Карим Даламанов
Высокий берег
- Детей надо рожать, а не педиками быть! - кидает мама лозунг в кухонную пустоту.
- Одно другому не мешает, - усмехаюсь я, открывая входную дверь.
- Ты чего говоришь-то? - закипает она, - Ты хоть думай, чего говоришь!
- Ладно, мам, пошёл я…
- Господи, хоть ты у меня нормальный, - она всхлипывает.
- Ну, что опять?! Давай, ложись отдохни, поспи немного. Кровать вон тебе поставили, - киваю я в сторону комнаты.
Она вскакивает со стула и бросается мне на шею.
- Я даже представить не могу, как это, когда у тебя сын - педик! - продолжает всхлипывать она, - Хоть ты нормальный…
1
Въехав на Мызинский мост, мы застреваем в пробке, и стоять нам, судя по всему, немало: вереница уходит под самый горизонт, на высокий лесистый берег, где маме теперь предстоит жить.
- Надо было через Молитовский ехать, - цокает она.
- Вот сама бы за руль и садилась, - усмехаюсь я.
- Ну тебя, - машет она рукой и отворачивается.
Обычно это означает: “признаю себя побеждённой, можешь радоваться!” В профиль она напоминает Ахматову. И чем старше - тем явственнее эта горбинка на носу.
В детстве я знал, что у меня самая красивая мама, и не только потому, что об этом мне чуть ли не каждый день напоминал отец. Мы жили в Заречке, в длинной девятиэтажке, и прямо под нашими окнами маячила красная буква “М”, обозначающая вход на станцию метро с уёбищнейшим названием “Двигатель революции”.

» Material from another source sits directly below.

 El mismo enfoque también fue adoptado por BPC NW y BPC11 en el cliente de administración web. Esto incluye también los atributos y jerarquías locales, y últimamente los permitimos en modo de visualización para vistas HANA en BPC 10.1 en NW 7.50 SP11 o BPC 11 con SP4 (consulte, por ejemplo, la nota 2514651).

“Отличное название!” - говорила мама, - “Главное - запоминается сразу”.
Она долго красилась, завязывала перед зеркалом шейный платок, и это сопровождалось кряхтением, цоканьем и беготнёй по коридору. Любой выход из дома и мало-мальская поездка давались ей трудно, почему-то отнимая много нервов. Ездила она к своим студентам преподавать немецкий. Он был одним из трёх её страстей, наравне с косметикой и художественной гимнастикой. У нас по всей квартире висели плакаты с обнажёнными женскими ногами, закрученными в мудрёные фигуры. Однажды я попытался представить в центре какой-нибудь такой фигуры маму, и мне почему-то стало не по себе.
Отец был “главой и опорой”, “каменной стеной”, но неизменно находился в маминой тени. Когда она заставляла меня до полуночи спрягать немецкие глаголы (было бы странно, если бы она не отдала меня в класс с немецким) и срывалась на крик, он, кряхтя и зевая, произносил что-то вроде “Хорош расстраивать маму!” Хотя у него самого получалось её расстраивать не хуже меня. Повод находился сам собой.

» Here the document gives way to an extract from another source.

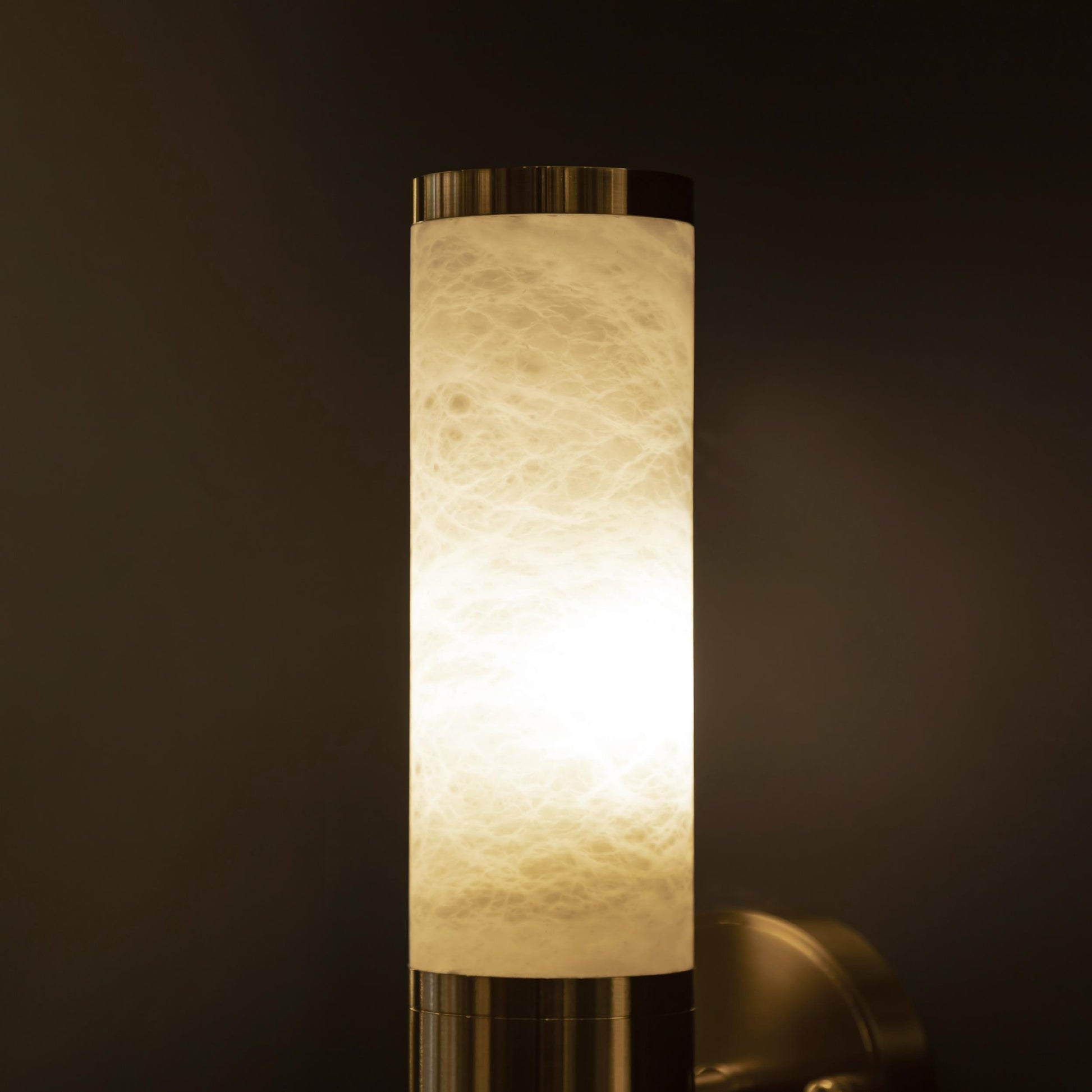Arkas Aplik, doğal mermerin zarif dokusu ve eskitme metal detaylarıyla mekâna sofistike bir hava katar. Silindirik formuyla modern ve klasik dekorasyonlarda kolayca uyum sağlar. Sıcak ışık yansıması sayesinde hem dekoratif hem de fonksiyonel bir aydınlatma sunar.

“Помидоры, картошка, перец болгарский, два батона, укроп, кинза… а лук?! Я же просила тебя лук купить!
“Без него никак не обойтись?”
“Нет, конечно!”
Она крутила фарш, и мясные струи едва ли не брызгали в эмалированную миску. Отец, кряхтя, начал завязывать шнурки, чтобы отправиться за луком. Мамина мясорубка вдруг издала лязг, и у неё отвалилась ручка.
“Идиоты! Нормальных мясорубок делать не умеют! У нас вообще ничего нормального делать не умеют!”
Отец прошёл на кухню в одном ботинке и приставил ручку обратно.
“Ну в обуви-то куда! Только сегодня пол мыла!.. Телевизоры - дерьмо! Машины - дерьмо! Я уже молчу про косметику…”
“Это потому, что я лук не купил!” - заметил отец, закрывая за собой дверь.
Когда к нам приходили гости, мама восседала во главе стола, время от времени напоминая отцу о том, что “пора подавать второе”, и через несколько минут он торжественно вкатывал в зал тележку со сковородой. Венцом застолья был её фирменный кокосовый торт, который накануне всю ночь отстаивался в холодильнике.
В конце концов, отец таки сбежал. Вернее, мама выгнала его после того, как он “подженился”. Железобетонных доказательств этому, правда, не было: какие-то чужие волосы, запахи, поздние приходы и “праздники на работе”. В общем, он ушёл, и даже не пришлось платить алименты: мне было почти двадцать, и я уже сам себя обеспечивал.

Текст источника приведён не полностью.